Et en effet, aux côtés des industriels classiques de l’industrie spatiale américaine comme Lockheed Martin, vont maintenant désormais cohabiter de nouveaux acteurs technologiques comme SpaceX, l’entreprise spatiale d’Elon Musk ou même, son concurrent direct, Blue Origin, qui appartient à Jeff Bezos, ancien patron d’Amazon. Bref ! Le old space se refait une jeunesse.
Musk est d’ailleurs sans doute le héros de cette nouvelle ère de l’exploration spatiale américaine. Il va, il faut bien le reconnaître, revivifier une NASA pas très en forme et lui donner du sang neuf. Il va surtout participer à en faire la porte d’entrée vers l’espace, parce que, d’après moi, c’est surtout cela l’objectif de la vision américaine version Obama. Il ne s’agit plus simplement d’aller dans l’espace ou de le conquérir, mais plus encore, c’est-à-dire d’en contrôler l’accès. Et SpaceX, donc indirectement les États-Unis, se transforment en contrôleur d’accès pour tout un tas de pays qui en sont désormais de plus en plus dépendants, notamment pour les lancements de satellites ou les missions des vols habités, l’Europe d’ailleurs en premier lieu.
Elon Musk, si on se détache du personnage, et c’est vraiment toujours ce que je m’attache personnellement à faire, est peut-être le symbole de cette nouvelle stratégie américaine qui hybride public et privé, civil et militaire.
La conquête de l’espace nous donne à voir une facette encore différente et inédite de ces nouvelles formes de cyberpouvoirs. Mais si la forme et les modalités changent, je serais aussi tentée de vous dire que le but ultime reste toujours le même, celui de la domination et de la puissance.
Pour boucler la boucle, j’aimerais redonner la parole à JFK qui avait si justement résumé la situation dans les années 60. Oui, l’espace reste bien, 50 ans plus tard, l’une des prochaines frontières à conquérir.

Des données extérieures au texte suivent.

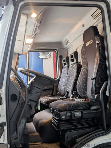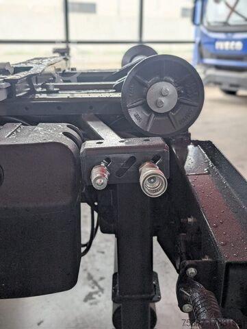 IVECO 120E25K, Year 2015, White, Euro 6, Km. 195.145, Wheelbase 3105, 9-speed manual transmission. Differential lock, air conditioning, new front tyres, 90% rear tyres, like new, complete with new BOB Italev 12 Ton hook lift system, vertical roller, hydraulic box lock, hydraulic system for crane box
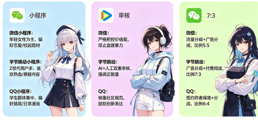 小说漫画小程序的平台选择,没有“最好”只有“最合适”。核心决策逻辑是:用户画像匹配度决定流量天花板,内容审核机制决定你的内容能否上线,分成模式决定你的收益水平。建议新手先从右豹、番茄达人中心等零门槛平台入手,跑通变现闭环后再多平台布局分散风险。记住本文的一句话:内容质量×渠道选择×持续优化,才是长期变现的核心法则。
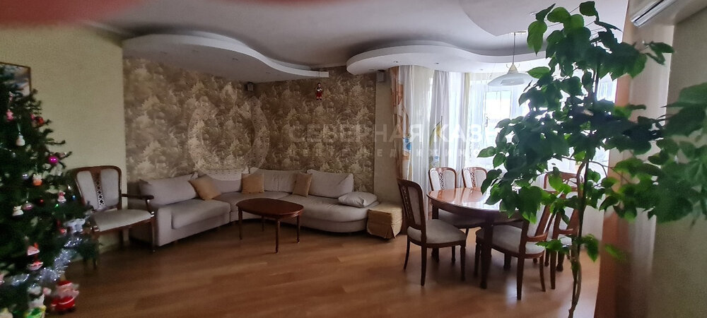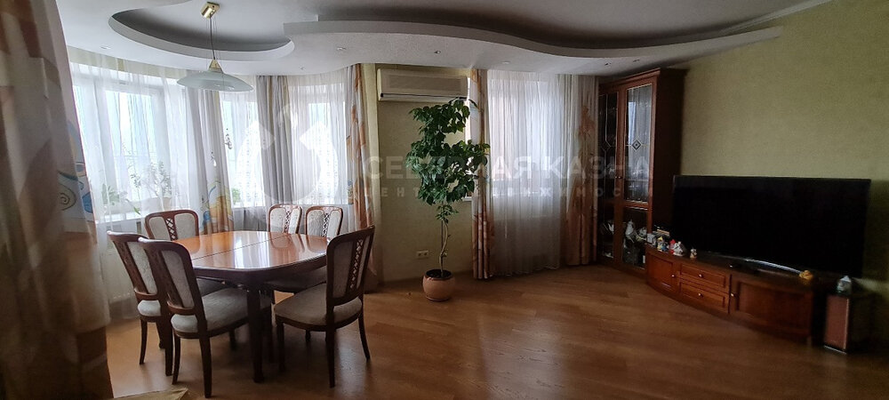 Продается для большой и дружной семьи пяти-шести комнатная квартира в 10 эт. кирпичном доме, 2000 г. постройки, в хорошем состоянии, на 4 этаже (объединена на стадии строительства из 2х комн. и 3х комн. квартир). Есть возможность разделения обратно на 2 квартиры, без нарушения несущих конструкций и инженерных сетей. Планировка объединяет две квартиры кухней и холлом, в остальной части, квартира комфортно разделена на 2 зоны со своими санузлами.) Дом с охраняемой территорией и консьержем в подъезде, с большим грузовым лифтом. На этаже 2 квартиры, и изолированная от подъезда рекреация площадью 20м2. Потолки натяжные и гипсокартон, пол ламинат и ковровое покрытие.
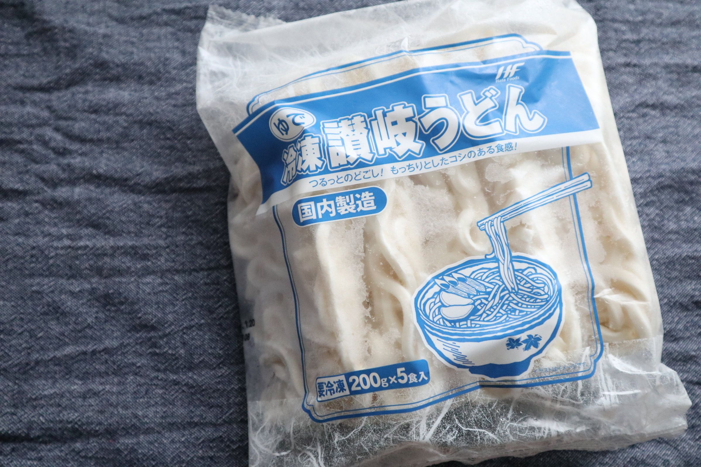 冷凍「讃岐うどん」。1食あたり200gなので、通常の1食分より多いんです。わが家のように食べ盛りは、一般的な1食では全然足りないので、こちらを買っています。
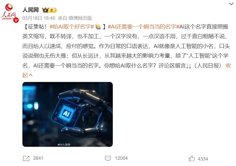 前段时间,人民网发起了给 AI 取中文名的倡议。
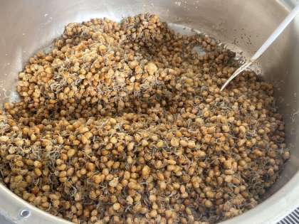 「じゃこ豆」は、ゆでたちりめんじゃこと、でん粉をまぶしてなたね油であげた大豆に、甘辛い調味液をからませます。かみごたえのある、子どもたちに好評な献立です。
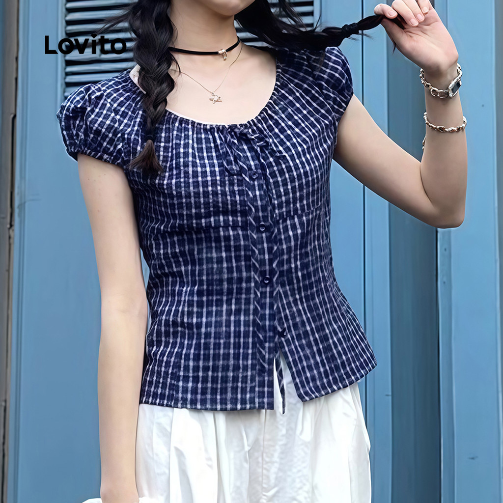 ✅DESTAQUES -❤️Gravata frontal -❤️Padrão -❤️Lazer -❤️Fresco e confortável -❤️Primavera e verão ✅DESCRIÇÕES Estampa / Padrão:Gingham Estilo:Casual Tamanho Plus:Não Material:Poliéster Composição:95% Poliéster + 5% Spandex Tipo de modelagem: Corte regular Transparência:Não Esticar:Não esticado Feito na China ✅O PACOTE INCLUI 1XBlusa ✅INTRODUÇÃO LOVITO A Lovito é uma marca em crescimento que acredita no poder das meninas. Estamos comprometidos em oferecer opções de roupas fashion e acessíveis, para todos os estilos, necessidades e identidades. Acreditamos que a moda deve ser divertida, liberadora e fazer você se sentir incrível. Afinal, o melhor acessório para qualquer look é a autoconfiança! ✅NOTAS DE COMPRA Antes de comprar, dê uma olhadinha na tabela de medidas disponível no site. Lembre-se de que, por serem feitas manualmente, as medidas podem variar de 1 a 2 cm. As cores dos produtos também podem ter pequenas diferenças em relação às fotos, dependendo da iluminação e das configurações do seu dispositivo. Siga nossa loja e conheça novos itens e as melhores ofertas para você!! Se você tiver alguma dúvida, converse conosco e responderemos o mais rápido possível.😊
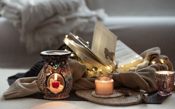 Use diffusers, potpourri, or scented candles with winter fragrances like pine, vanilla, or amber. A soothing scent completes the cozy atmosphere and makes your home feel extra inviting.
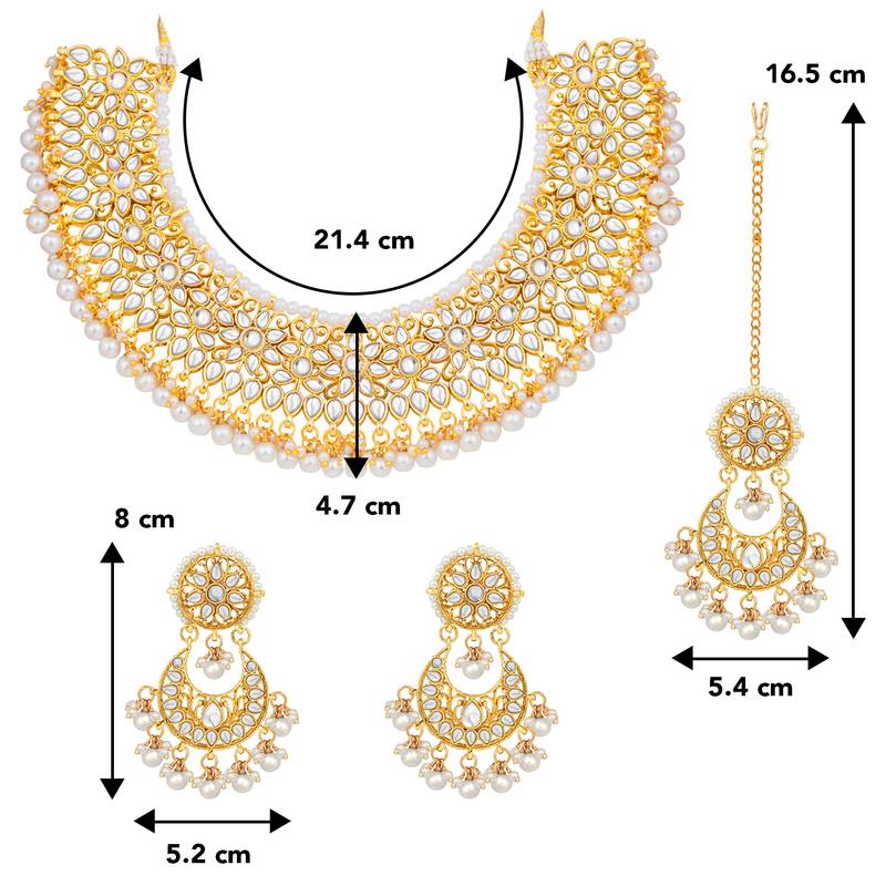 Aheli White Kundan Choker Necklace Earring With Maang Tikka Jewellery Set
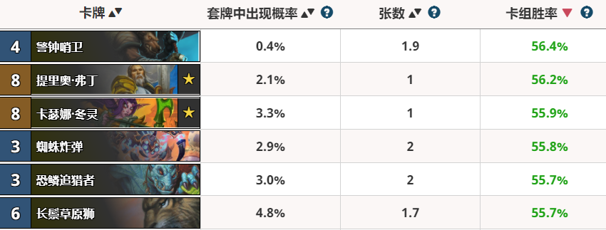 榜首则是一张比较冷门的卡,其实这张卡出来后还是被很多人看好的,因为圣骑士的奥秘其实都不错,只是比较占卡位,警钟哨卫可以拉出来2张,不仅补充了手牌,还压缩了牌库,在目前的奥秘骑卡组中也是非常强势的。
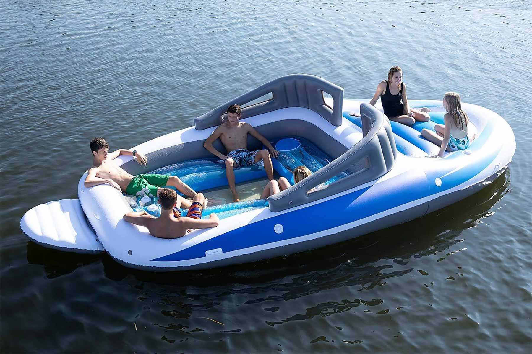 Was ist das denn bitte für ein cooles Gefährt? Beim aktuellen Supersommerwetter wünscht man sich ja am besten mit möglichst wenig Kleidung am Leib in einem möglichst frischen Gewässer. Ordentlich chillen kann man mit Freunden auf dieser aufblasbaren Badeinsel in Form eines Motorbootes. Beim US-Amazon kann man dieses gigantische Stück Wasserspielzeug kaufen (wobei aktuell lediglich über alternative Händler, neu ab 299 US-Dollar).
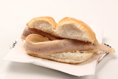 Een zachte Volendammer vloerkadet royaal belegd met gerookte paling.
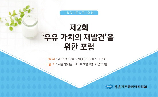 [일요주간=노현주 기자] 우유자조금관리위원회(위원장 이승호)가 우유 포럼을 개최한다. 12월 13일 화요일 서울 양재동 THE-K 호텔 3층 거문고 C홀에서 제2회 ‘우유 가치의 재발견을 위한 포럼’이 진행될 예정이다.
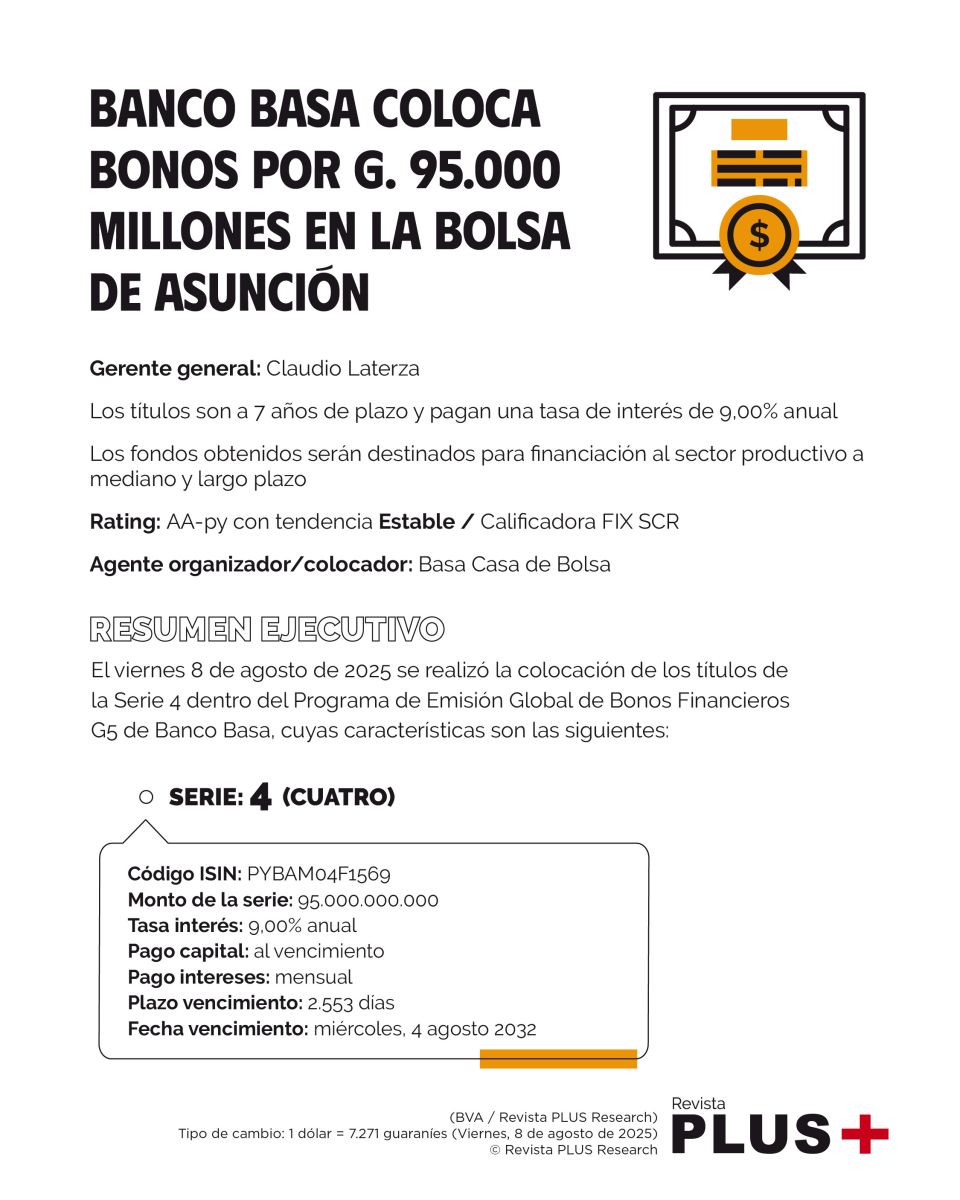 El viernes 8 de agosto de 2025 se realizó la colocación de los títulos de la Serie 4 dentro del Programa de Emisión Global de Bonos Financieros G5 de Banco Basa, cuyas características son las siguientes:
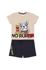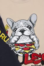 - Set di 2 pezzi per bambini. Camicetta con stampa sul davanti di un bulldog francese che gusta un hamburger e patatine. Pantaloncini in felpa con elastico in vita e coulisse regolabile, tasche anteriori oblique e stampa laterale.

John Kennedy, voix off : Because that challenge is one that we are willing to accept, one we are unwilling to postpone, and one we intend to win, and the others, too.

Voix off : Les enjeux technologiques d’aujourd’hui, les enjeux politiques de demain. CyberPouvoirs sur France Inter.

Asma Mhalla : Dans un instant sur Inter, on poursuit notre exploration astrale avec mon invité du jour, Arnaud Saint-Martin, chercheur au CNRS et spécialiste d’astronautique et du New Space.

Pause musicale : Wait par M83.

Asma Mhalla : À l’instant c’était M83 avec Wait sur Inter. Vous écoutez CyberPouvoirs et on continue d’explorer la Lune.

Voix off : CyberPouvoirs Asma Mhlalla sur France Inter.